Australia | Nov 15 2010
This story features SEEK LIMITED. For more info SHARE ANALYSIS: SEK
By Greg Peel
Seek ((SEK)) shares plunged as much at 8% at one stage in Friday's trade following an out of the blue trading update from management ahead of the company's Annual General Meeting due on November 30. It was not about Seek's core business of online employment classifieds, but about its new businesses in the education sector.
What made the downgrade such a surprise was that previous guidance was of an expectation for “strong growth in revenue and profit” in these divisions in FY11, which was provided only two and a half months ago at Seek's FY10 result release. Education was the star of the FY10 result, contributing 20% of earnings.
Seek was long ago a first mover in offering an online alternative to what had always been a newspaper domain – that of job advertising. Seek has benefited from that first mover status but online classifieds are now de rigeur and newspaper classifieds dwindling. The online market is not yet fully mature and brokers continue to expect an ongoing secular shift, but Seek's success in the field is now at the margin on the ebb and flow of the job ads cycle, rather than in growth from stealing market share from “old media”. It also has competitors.
To that end, Seek has sought to expand its revenue stream by investing in offshore online job ad services, including in China and Brazil, and also by shifting into the education space which it has done through its Learning, Think and IDP divisions. Analysts applauded these moves as providing Seek with new growth opportunities to offset the maturing of the Australian online classified market.
JP Morgan was thus particularly upset by Friday's downgrade from management. “The Education medium term growth outlook was central to our fundamental valuation and positive view on the stock,” the analysts pointed out in their report, and they suggest there are “fundamental and unanswered questions” about a growth story which the company has been promoting over the past year.
JPM believes Seek Education is coming under some competitive pressure and suggests the reasons for the sudden deterioration in Education revenues are “unclear” to both the analysts and management. Strangely, JPM seems rather alone in this view.
While other brokers were caught off guard by the downgrade, and all have made forecast earnings reductions of some 5-10% in FY11, none seem quite as concerned as JP Morgan (who downgraded from Overweight to Neutral on the news). One has to look first at Seek's core business and then at what its expanded businesses represent.
All brokers, including JPM, have offset their Education division earnings downgrades with smaller upgrades to expectations for the local core job ads business. Whether one cites Seek's own employment index, or the ANZ job ads series, or other indicators, BA-Merrill Lynch sums up consensus by suggesting the recovery in job advertising post GFC will continue into FY12-13 as Australia's unemployment rate falls towards 4%.

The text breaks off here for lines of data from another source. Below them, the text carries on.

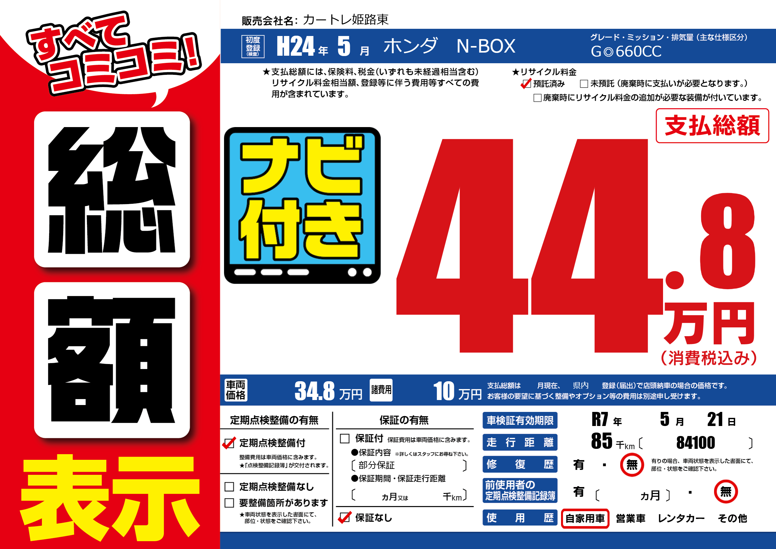 | 車名 | ホンダ N-BOX | グレード ミッション 排気量 |
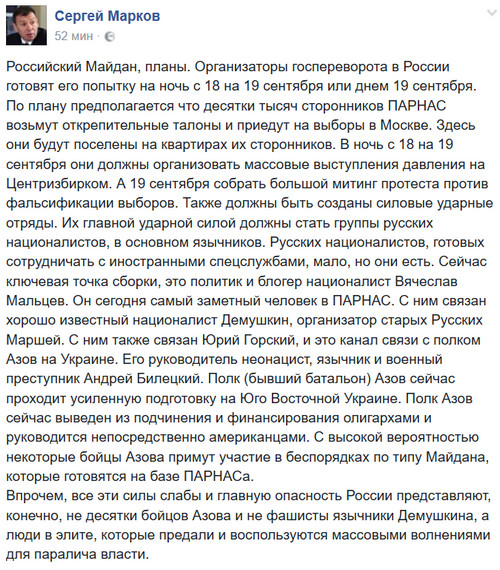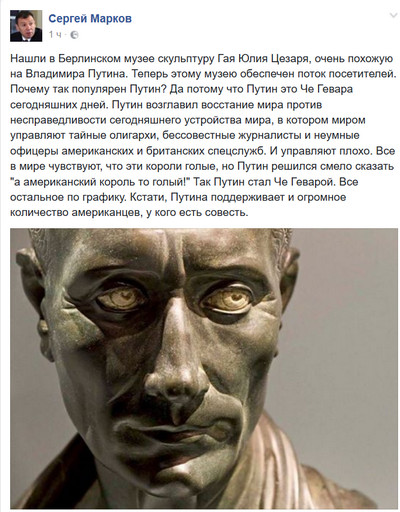 И этимологией своей фамилии Марков как-то не вышел. Так и вспоминается Марк Юний Брут:) Ведь первый небось, если что, заговорит про зловещий заговор американцев, поставивших Путина. Причем будет говорить это искренне! Как всегда...
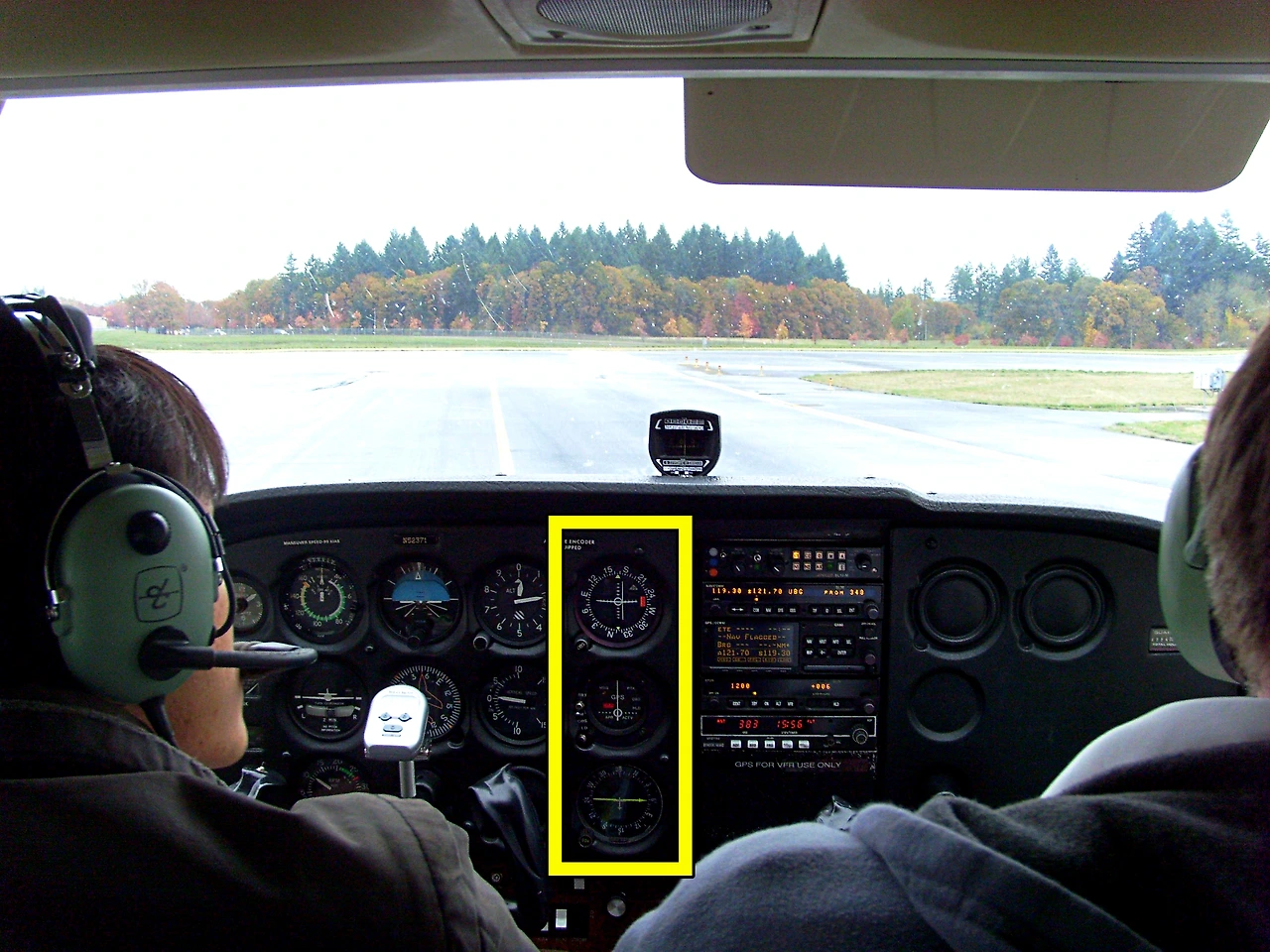노란색 네모 박스 안의 계기가 계기 비행을 위한 핵심 계기라고 보시면 됩니다. 그 왼쪽에 있는 6개의 동그란 계기들은 C-152에도 똑같이 붙어 있는 시계 비행에서나 계기 비행에서나 모두 사용되는 공통된 계기입니다. 노란색 네모 박스 안의 계기들을 보시면 하얀색 바늘이 십자가 모양을 하고 있는 게 보이실 겁니다. 사진은 땅에서 찍은 사진이지만 공중에서도 지상 장비가 보내는 신호를 잘 잡아 제대로 된 방향으로 비행을 하고 있으면 보통 저렇게 십자가 모양이 나온다고 보시면 됩니다. 저 십자가 모양을 이루고 있는 바늘이 좌나 우 혹은 위나 아래로 벌어져 있다면 무언가 잘 못 된 것이라 생각하시면 쉽습니다.
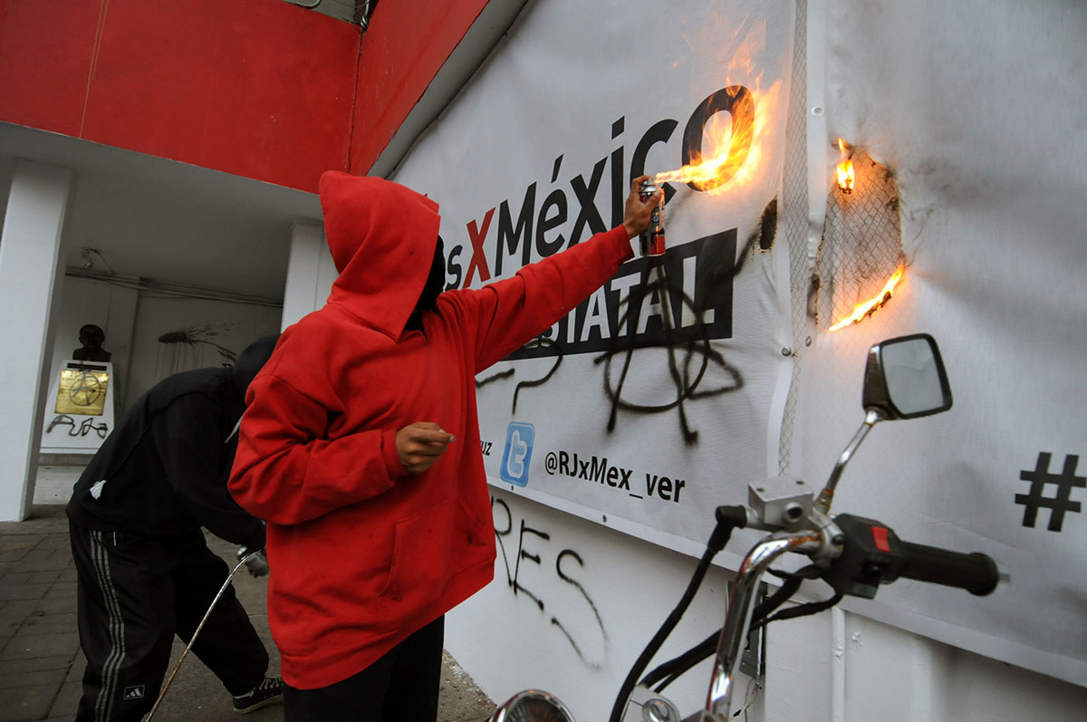 Encapuchados incendian sede del PRI en Veracruz. Foto: Rubén Espinosa
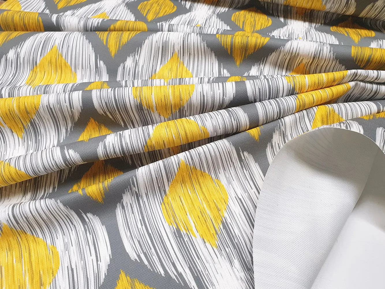 Yellow Grey Ikat Fabric – Bohemian Ikat Print Fabric for Home Decor Curtain, Pillow, Furniture Upholstery Fabric by the Yard
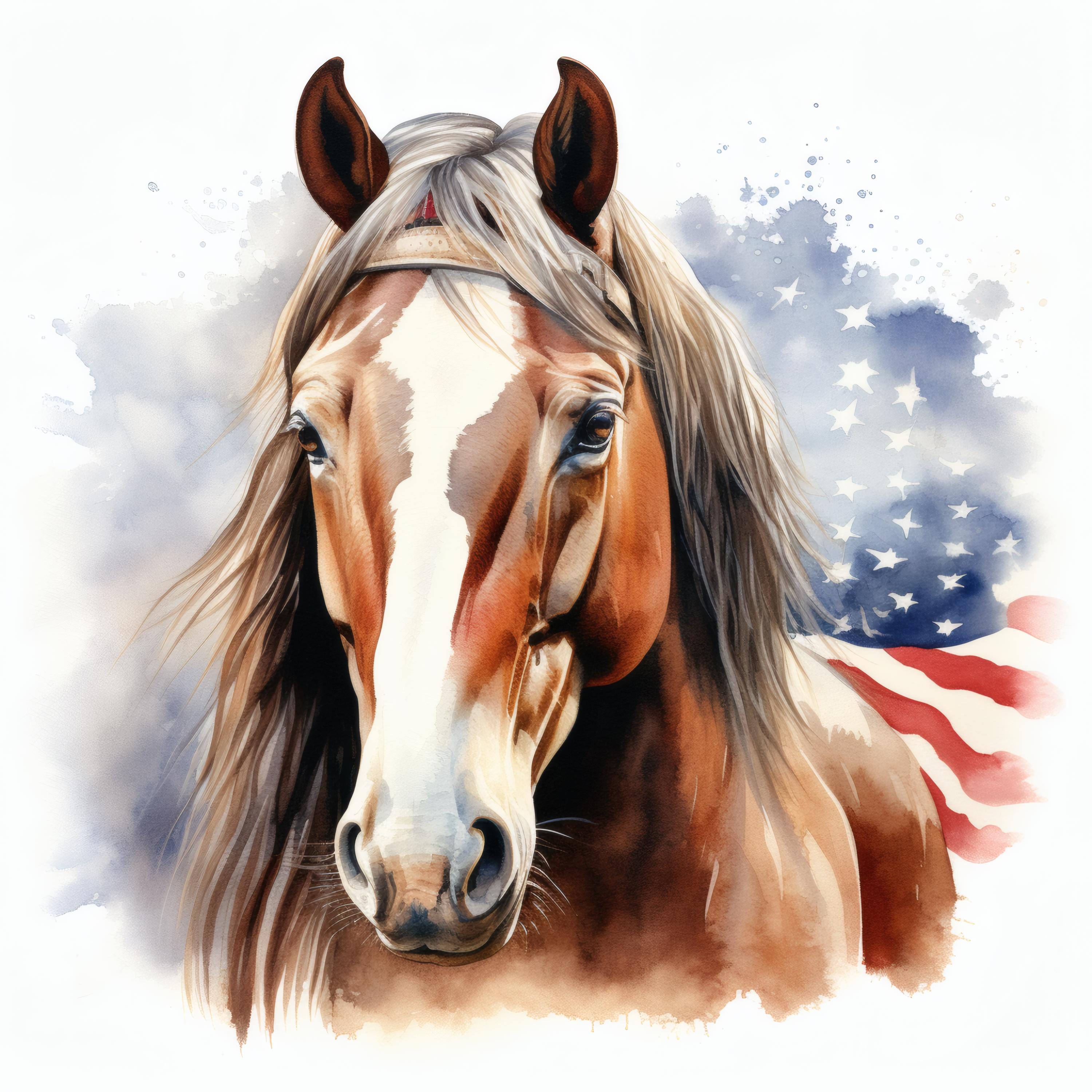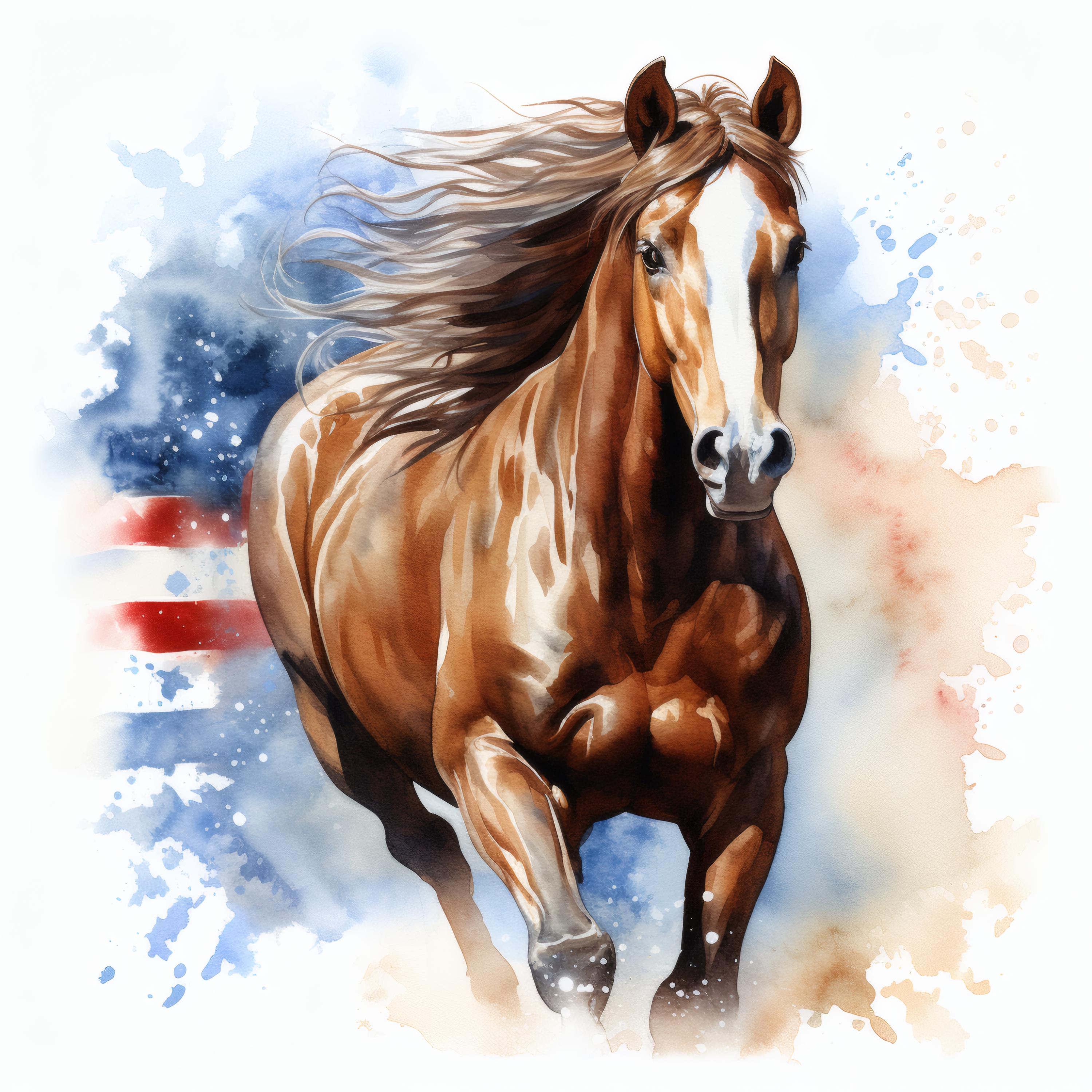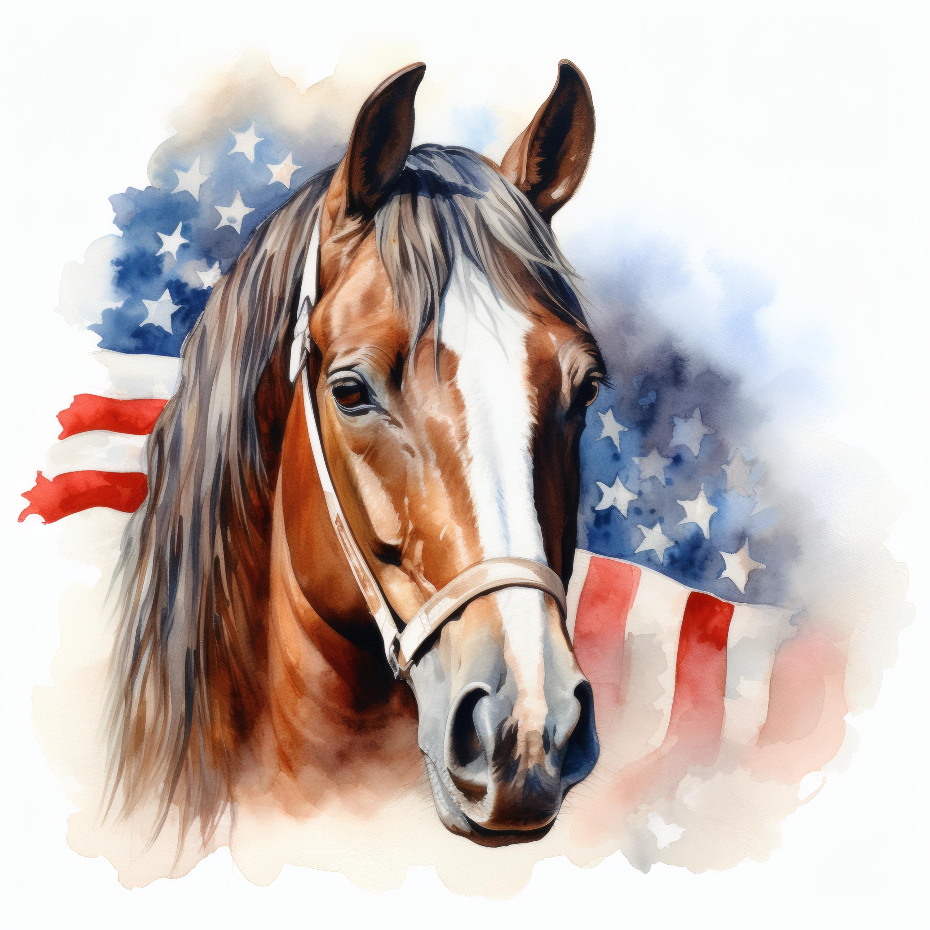 Patriotic Horse Clipart, American Horse Images, 10 Watercolor Clip Art, Printable JPGs, Instant Download, Commercial Use, Paper craft
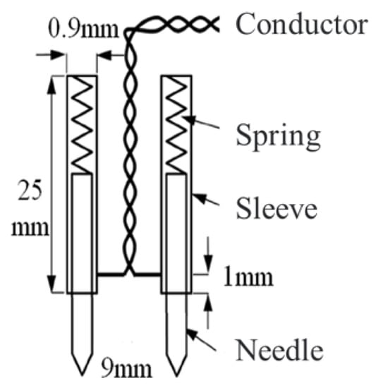 Figure 8 illustrates the configuration of the B-H vector sensor. The sensor has two sets of B probes made from non-magnetic material for measuring the induced emf eB across the probes. The spacing between the probes is 9 mm and there are hard pins on the end of the probe enough to pierce the insulation coating of the electrical steel sheet to achieve good electrical contact during the measurement. The construction and connection method of the probe are shown in Figure 9, which consists of a sleeve, needle, and spring. The spring supports the needle and is fixed inside the sleeve. During the measurement process, the needle is fully retracted into the sleeve. The needle is made of non-magnetic material and non-magnetic steel, with a relative permeability of 1.0002, which does not affect the measured magnetic field. The probe tip is machined into a triangular cone shape by high-speed rotation of a grinding wheel, which can penetrate the insulation coating of electrical steel sheets and achieve good electrical contact. A wire to the other end of the probe is connected for signal extraction, and the wire is wound into a spiral shape to reduce the impact of stray magnetic flux on the measurement results.
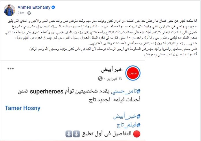 وكتب أحمد التهامى، قائلًا : "أنا سكت كتير عن حقي عشان ما زعلش حد مني أتشلت من أدوار كتير وقولت مش مهم ولحد دلوقتي مش واخد حقي الفني والأدبي و المدي اللي يليق بمجهودي وتعبي في مشواري الفني وقولت كل شئ نصيب والحمدلله على حب الناس والدنيا مستوره والحمدلله".

At the same time, Seek's investments in emerging market online classifieds are expected to start paying off soon with profits being recorded. Zhaopin in China, for example, is expected to reach profitability in FY11. That just leaves Education as the drag.
But is it really a drag?
Macquarie points out there were a couple of one-offs in the Education downgrade, including the closure of the UK business and reaccreditation costs for some courses. But more fundamentally, Credit Suisse sums up the mood by suggesting management's downgrade “gave a more negative impression of [Seek's] earnings prospects than we believe is in fact the case”.
For IDP, it's a matter of countering falling online education revenues in Australia with offshore revenues and higher investment to drive expansion, notes Goldman Sachs and others. Similarly, more investment is being poured into Think to seize future opportunities. In these two businesses it is a case of spending money to provide greater revenue opportunities down the track.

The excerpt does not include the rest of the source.